叫び声をあげて、激しく苦しむゴースン。胸の紋様がひび割れ、ゴースンの体は今にも破裂しそうであった。そして、「さらば」と告げたあと金砂地の太刀が三回四回とまばゆく発光して、大魔王ゴースンの体は大音響と共に砕け散った。ゴースンの体内で、ライオン丸は自爆したのだ。

大音響と共に起こった大爆発は、獅子丸を探す沙織と小助がいるこの丘からも見えた。たなびく黒煙と散乱している破片を、呆然として見つめる沙織と小助。それはゴースンの最期に間違いなく、同時に獅子丸の最期でもあった。獅子丸の名を叫ぶ、沙織と小助。小助は肩を落として、沙織の胸で泣き叫んだ。

『お姉ちゃん・・・獅子丸兄ちゃん、死んじゃった!』

涙がとめども無く流れる沙織の目に、ふと見上げた大空を天馬ヒカリ丸の形をした雲が空高く昇っていくのが見えた。
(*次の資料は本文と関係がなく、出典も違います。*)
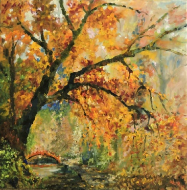 (Left below) ‘Japanese Red’, oil by Claire Sadlier, runner-up overall and winner of ‘City Garden’ section.

『小助ちゃん。獅子丸さん、空へ返って行ったのよ・・・』
『うん。お師匠様の所へ行ったんだね・・・』

(ナレーション;恐るべき悪の化身・大魔王ゴースンを完全に葬り、獅子丸はヒカリ丸と一緒に、今大空へ返っていく。沙織と小助は飛騨へ帰り、その胸にいつまでも獅子丸は生きていた)

(完)


★★★★★★★★★★★★
お読みいただき、ありがとうございました。